About this exercise
Would you copy exactly the lines in the data below from the one that has "4 Schubladen jeweils bis zu 65 kg belastbar" through the one that has "OSCAR RAUL UGARTE VILLUZ Ministro de Salud", dropping any pictures?

======== Recorded information

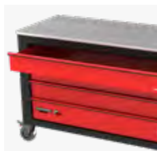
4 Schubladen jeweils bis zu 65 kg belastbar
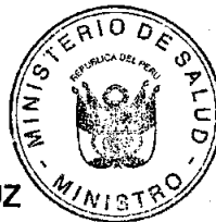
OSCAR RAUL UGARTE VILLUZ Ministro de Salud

================
======== Recorded information

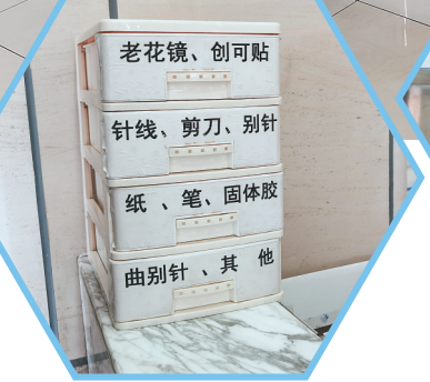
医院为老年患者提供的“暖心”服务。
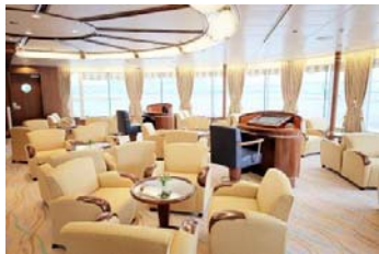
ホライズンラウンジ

================

Result of the task
4 Schubladen jeweils bis zu 65 kg belastbar
OSCAR RAUL UGARTE VILLUZ Ministro de Salud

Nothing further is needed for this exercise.